» **Data**:
━━━━
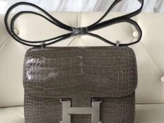 エルメスバッグ公式サイトエルメスCK81タートルドーブグレーの光沢のあるクロコダイルレザーConstance18CMシルバーバックル
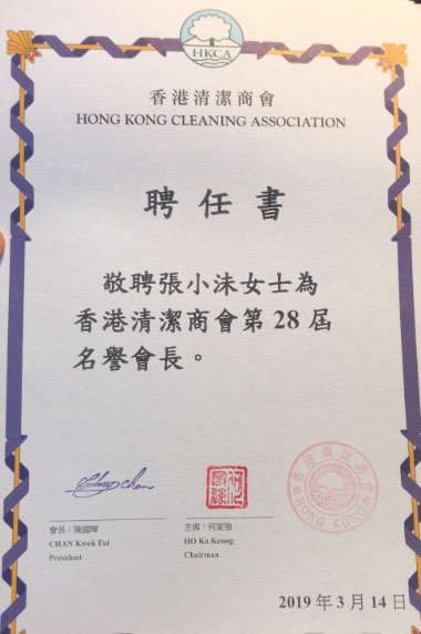 祝賀我司執行董事張小沫女士榮獲香港清潔商會第28屆“榮譽會長”名銜
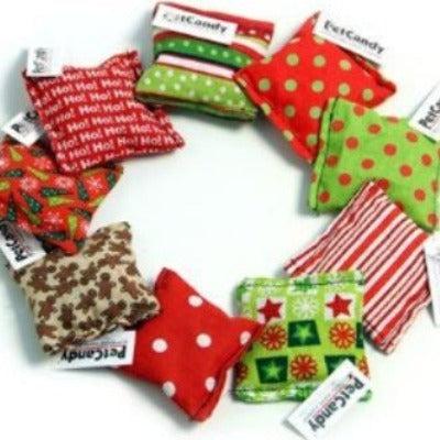 These simply festive pillow-shaped toys are the perfect way to indulge kitty's sweet tooth for catnip! Holiday print 2.5" squares are stuffed with farm fresh USA catnip and are durable enough to hold up to all kinds of batting, kicking, wrestling and licking. You'll receive one Holiday Kittles toy, randomly chosen from our collection of fun assorted holiday patterns.
━━━━
» **Task**: Word for word, output the whole listing, but not its pictures.

» **Response**:
 エルメスバッグ公式サイトエルメスCK81タートルドーブグレーの光沢のあるクロコダイルレザーConstance18CMシルバーバックル
 祝賀我司執行董事張小沫女士榮獲香港清潔商會第28屆“榮譽會長”名銜
 These simply festive pillow-shaped toys are the perfect way to indulge kitty's sweet tooth for catnip! Holiday print 2.5" squares are stuffed with farm fresh USA catnip and are durable enough to hold up to all kinds of batting, kicking, wrestling and licking. You'll receive one Holiday Kittles toy, randomly chosen from our collection of fun assorted holiday patterns.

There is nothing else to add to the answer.